El presidente de la Cámara Inmobiliaria de Venezuela (CIV) , Pablo González, advirtió la necesidad de reestructurar el marco jurídico que rige el sector para hacer frente a la contracción del inventario habitacional y al incremento de la demanda tras los terremotos del 24 de junio.
Durante una entrevista en el programa “Dos más Dos”, de Unión Radio, González señaló que la atención de la emergencia requiere de las reformas inmediatas a la Ley de Arrendamiento de Vivienda y a la Ley contra la Estafa Inmobiliaria para incentivar la construcción de nuevos desarrollos y aumentar los inmuebles en alquiler.
González agregó que la modificación de la legislación debe sustentarse en tres pilares fundamentales: el equilibrio de deberes y derechos entre las partes, la libertad contractual con procesos ágiles de restitución del inmueble y la posibilidad de indexar los cánones o pactarlos en moneda dura, al referirse al dólar..
A su juicio, la flexibilización de estas condiciones permitiría dinamizar el mercado de alquileres como respuesta inmediata ante la ausencia de un sistema hipotecario tradicional.
“Necesitamos acelerar el cambio legislativo. Si tuviésemos un marco jurídico favorable que permita llamar a la confianza a los promotores inmobiliarios, el primer metro cuadrado de vivienda nueva en Venezuela entraría al mercado dentro de 24 meses en un escenario absolutamente positivo”, precisó el presidente de la CIV.
Financiamiento alternativo y mercado de capitales
Ante la imposibilidad de la banca comercial de otorgar créditos hipotecarios de largo plazo bajo las actuales variables macroeconómicas, González indicó que la CIV adelanta mesas de trabajo con la Bolsa de Valores de Caracas y el Programa de las Naciones Unidas para el Desarrollo (PNUD).
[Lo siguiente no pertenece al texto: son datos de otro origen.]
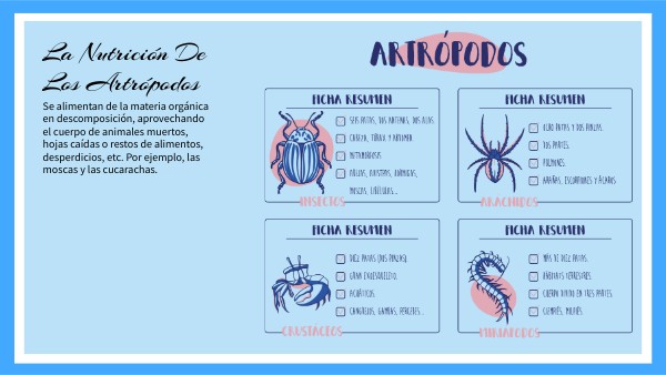 1. ¿En qué se dividen los artrópodos? 2. El intercambio gaseoso de los crustáceos se realiza a traves de las branquias. (V/F) 3. ¿Cuántas patas tienen los insectos? 4. ¿Qué estructura tienen los artrópodos que les brinda protección? 5. Los arácnidos solo producen ácido úrico. (V/F) 6. ¿De qué se alimentan los aracnidos? ¿Y los crustáceos? 7. ¿Cómo es el sistema circulatorio de los arácnidos? 8. El corazón de los crustaceos puede ser corto y tubular, largo y globular o perderse en muchos grupos. (V/F) 9. ¿A través de qué respiran los arácnidos? 10. Da un ejemplo de cada tipo.

Explicó que el objetivo es diseñar instrumentos en el mercado de capitales que capten recursos de inversionistas para financiar a los promotores de infraestructura.
“Necesitamos generar fondos que a través de mecanismos y vehículos del mercado de capitales, que son los que garantizan la seguridad, la transparencia y la liquidez, puedan ser captados para que los promotores puedan desarrollar nuevos metros y unidades de vivienda”, destacó el vocero del gremio.
Asimismo, el dirigente gremial enfatizó que la producción de unidades habitacionales destinadas al arrendamiento representa la vía más expedita para atender las necesidades de alojamiento a corto plazo y advirtió que la demanda de inmuebles se incrementará en la medida en que se concreten los ingresos de inversión en la industria petrolera nacional.
Evaluación del programa de subsidios estatales
Con respecto a los anuncios del Ejecutivo Nacional para atender a las aproximadamente 17.000 personas ubicadas en refugios tras los terremotos, González aclaró que la medida gubernamental debe definirse técnicamente como un subsidio social a la demanda y no como un crédito bancario convencional.
En ese sentido, detalló que el esquema plantea el aporte estatal de un 80 % del valor del inmueble a través de un fondo público, mientras que el 20 % restante sería administrado mediante un fideicomiso por la banca para su cancelación a 25 años.
El presidente de la CIV puntualizó que la intermediación financiera en este mecanismo cumple una función estrictamente administrativa que busca convertir a los beneficiarios en propietarios formales y no en adjudicatarios temporales.
“Tenemos que ser responsables y no generar falsas expectativas en el mercado venezolano de que la banca tradicional está en capacidad de prestar a 15 o 20 años. La medida anunciada es un subsidio focalizado para atender a las personas que lo perdieron todo en la contingencia”, afirmó el vocero gremial.
Impacto en el mercado secundario de viviendas
Sobre el comportamiento del mercado secundario de viviendas, comprendido por el inventario disponible para compraventa o alquiler, González calificó de “temerario” ofrecer cifras definitivas sobre el volumen total de inmuebles perdidos tras el doblete sísmico, debido a que continúan las labores de levantamiento de data en las cuatro zonas de mayor afectación del país.
“No se puede hablar en este momento de cuánto es el estimado del mercado secundario, tenemos que resaltar que lo más importante es que después del 24 de junio lo que hubo fue una afectación importante en la disminución del inventario inmobiliario y que todavía no tenemos una dimensión correcta del número de viviendas que se perdieron”, puntualizó.
El representante gremial resaltó que, además del marco legal, se requieren mecanismos de financiamiento urgentes para la reparación de condominios y la atención del déficit habitacional en los estados afectados.